[SUPPLIED INFORMATION — start]

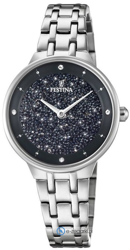 Zegarek F20382-3 marki Festina to gustowny zegarek naręczny damski, który posiada pomysłowe rozwiązania oraz funkcje. Model ten występuje w kolekcji Festina Swarovski. Ciekawy wygląd zegarka osiągnięto m.in. poprzez cyferblat w kolorze czarnym. Zegarek ten prezentuje aktualny czas w formacie analogowym dzięki temu odczyt jest bardzo łatwy. Koperta w odcieniach koloru srebrnego szeroka jest na 30 mm oraz ma grubość 8 mm - w kształcie okrągłym.
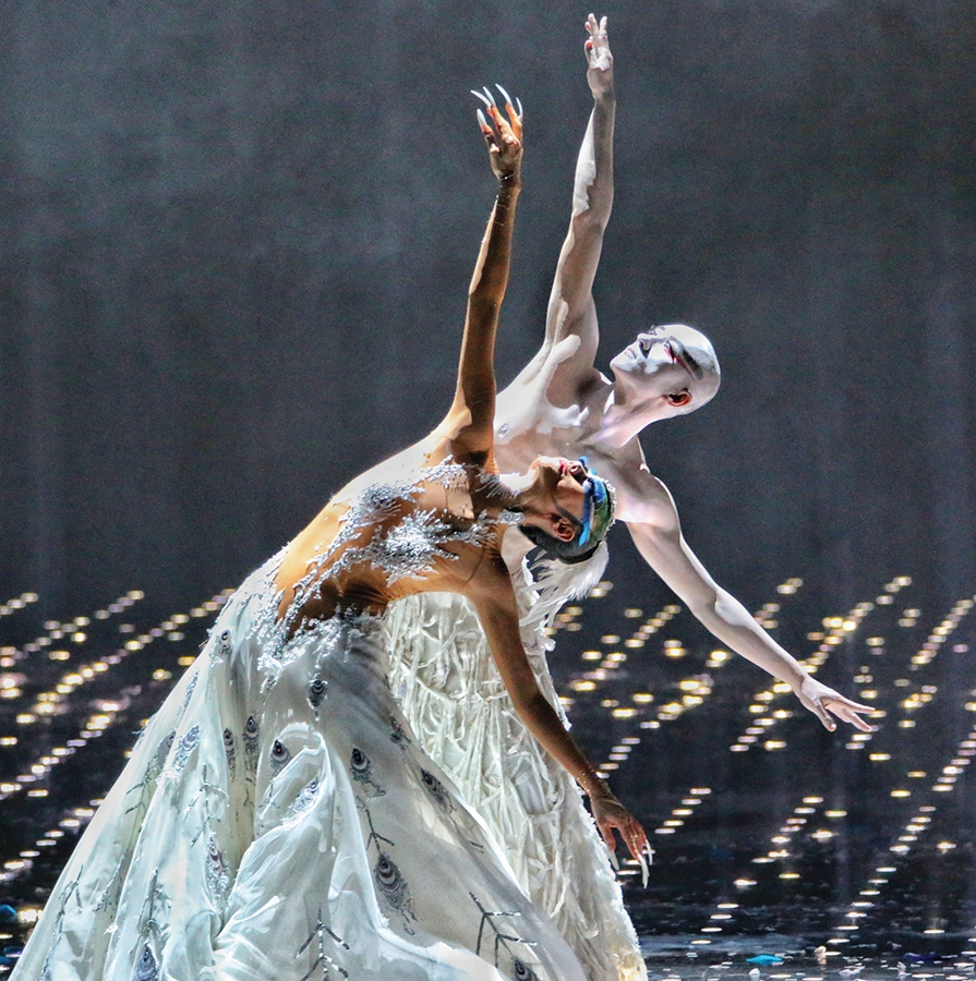 2022版舞劇《孔雀》以“生命”“愛”和“時間”為主題,通過孔雀與烏鴉的故事,呈現(xiàn)了一出由愛生羨、羨生妒、妒生恨、恨生殺、殺于死,死而涅槃再生的大自然悲喜劇。演出中,周而復(fù)始不停旋轉(zhuǎn)的“時間”,幕間穿插引導(dǎo)眾生的“神靈”,為這部劇增加舞劇的深度,引發(fā)觀眾的思考。
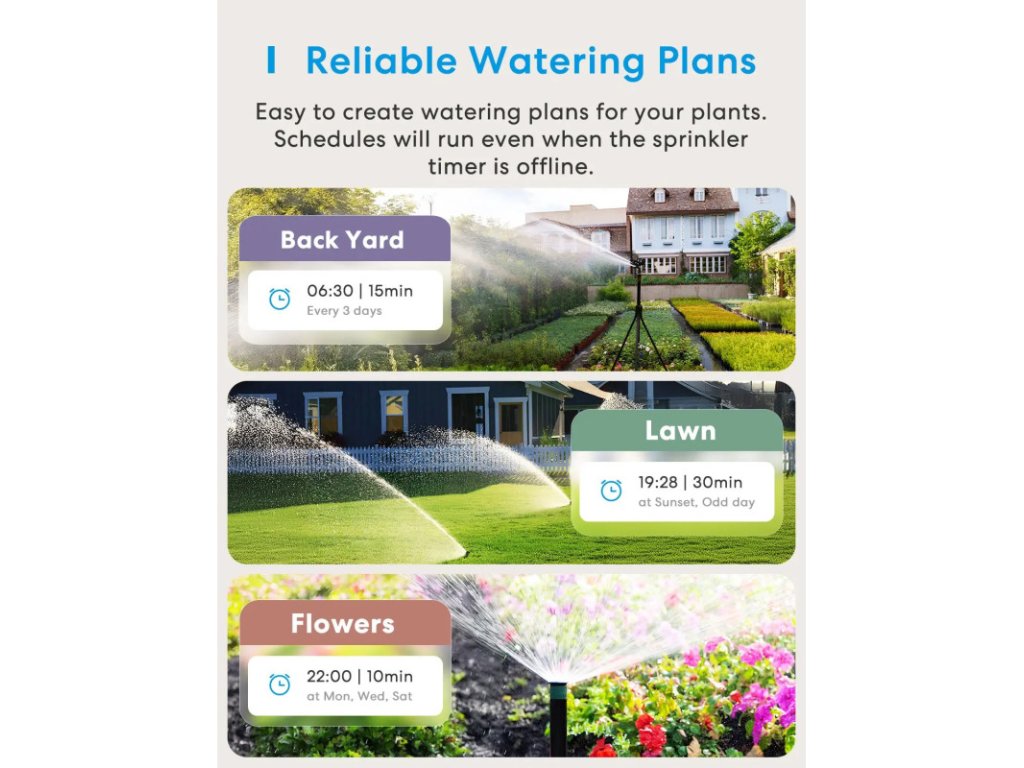 Naplánujte si rozvrhy zálivky podle dne, času či sezóny, které běží spolehlivě i při offline režimu. Funkce Smart Weather Skip automaticky vynechá zálivku před deštěm, při mrazu nebo silném větru.
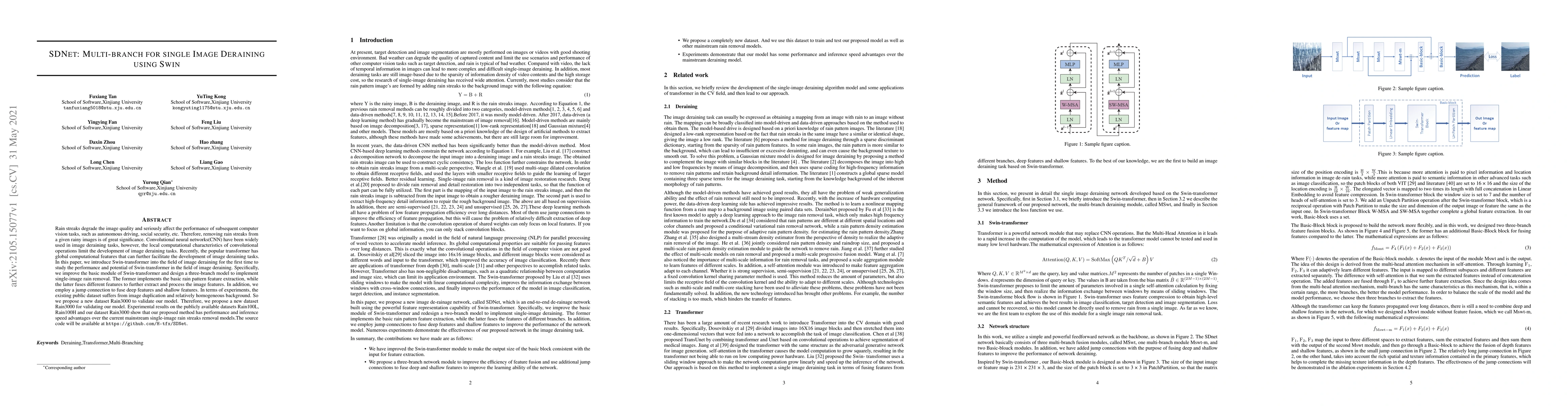 The paper introduces SDNet, a multi-branch model using Swin-transformer for single image deraining, which outperforms existing CNN-based methods by leveraging global computational features and a new dataset, Rain3000, for validation. The proposed method shows superior performance and faster inference speeds on Rain100L, Rain100H, and Rain3000 datasets.

[SUPPLIED INFORMATION — finish]

■ ASSIGNMENT: Restate word for word each line from the one containing "Naplánujte si rozvrhy" through the end of the material, pictures excluded.

■ EXERCISE RESULT:
 Naplánujte si rozvrhy zálivky podle dne, času či sezóny, které běží spolehlivě i při offline režimu. Funkce Smart Weather Skip automaticky vynechá zálivku před deštěm, při mrazu nebo silném větru.
 The paper introduces SDNet, a multi-branch model using Swin-transformer for single image deraining, which outperforms existing CNN-based methods by leveraging global computational features and a new dataset, Rain3000, for validation. The proposed method shows superior performance and faster inference speeds on Rain100L, Rain100H, and Rain3000 datasets.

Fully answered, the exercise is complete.